START Stored data

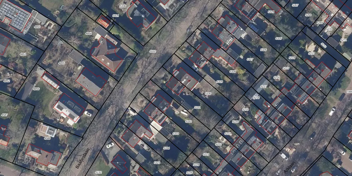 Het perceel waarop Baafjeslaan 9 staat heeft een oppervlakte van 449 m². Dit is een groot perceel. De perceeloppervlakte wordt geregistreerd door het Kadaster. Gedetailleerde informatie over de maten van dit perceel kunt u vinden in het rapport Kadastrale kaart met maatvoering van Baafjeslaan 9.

END Stored data
START Stored data

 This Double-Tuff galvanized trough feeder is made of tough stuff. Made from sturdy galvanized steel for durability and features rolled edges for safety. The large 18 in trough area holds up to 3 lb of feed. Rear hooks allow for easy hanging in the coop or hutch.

END Stored data
START Stored data

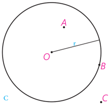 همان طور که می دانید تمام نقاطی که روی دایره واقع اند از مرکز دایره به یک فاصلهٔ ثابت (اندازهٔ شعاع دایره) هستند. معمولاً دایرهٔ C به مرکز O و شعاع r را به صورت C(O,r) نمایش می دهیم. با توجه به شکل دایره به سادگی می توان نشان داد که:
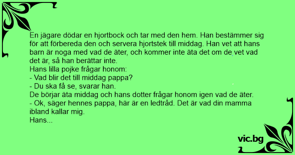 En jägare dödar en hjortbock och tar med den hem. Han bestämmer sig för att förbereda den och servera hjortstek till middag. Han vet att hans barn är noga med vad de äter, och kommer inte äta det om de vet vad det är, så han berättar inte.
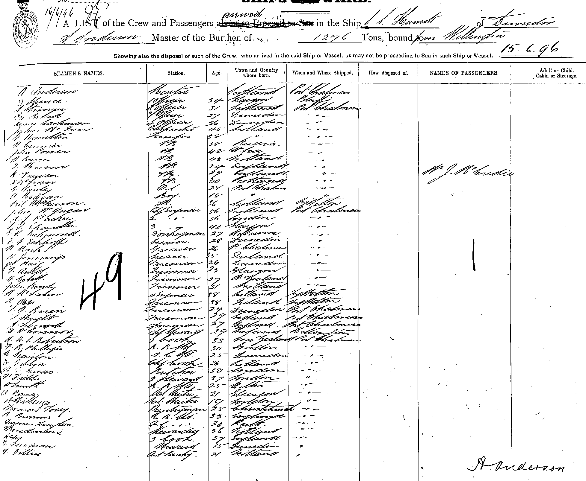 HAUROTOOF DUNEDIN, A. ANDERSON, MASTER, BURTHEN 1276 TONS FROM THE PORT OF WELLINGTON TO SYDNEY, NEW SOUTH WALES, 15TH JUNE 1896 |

END Stored data

Instructions to follow:
The response must repeat exactly the lines above from the one with "En jägare dödar" through the one with "HAUROTOOF DUNEDIN, A.", including both, and must contain no pictures and no other text.

Expected output:
 En jägare dödar en hjortbock och tar med den hem. Han bestämmer sig för att förbereda den och servera hjortstek till middag. Han vet att hans barn är noga med vad de äter, och kommer inte äta det om de vet vad det är, så han berättar inte.
 HAUROTOOF DUNEDIN, A. ANDERSON, MASTER, BURTHEN 1276 TONS FROM THE PORT OF WELLINGTON TO SYDNEY, NEW SOUTH WALES, 15TH JUNE 1896 |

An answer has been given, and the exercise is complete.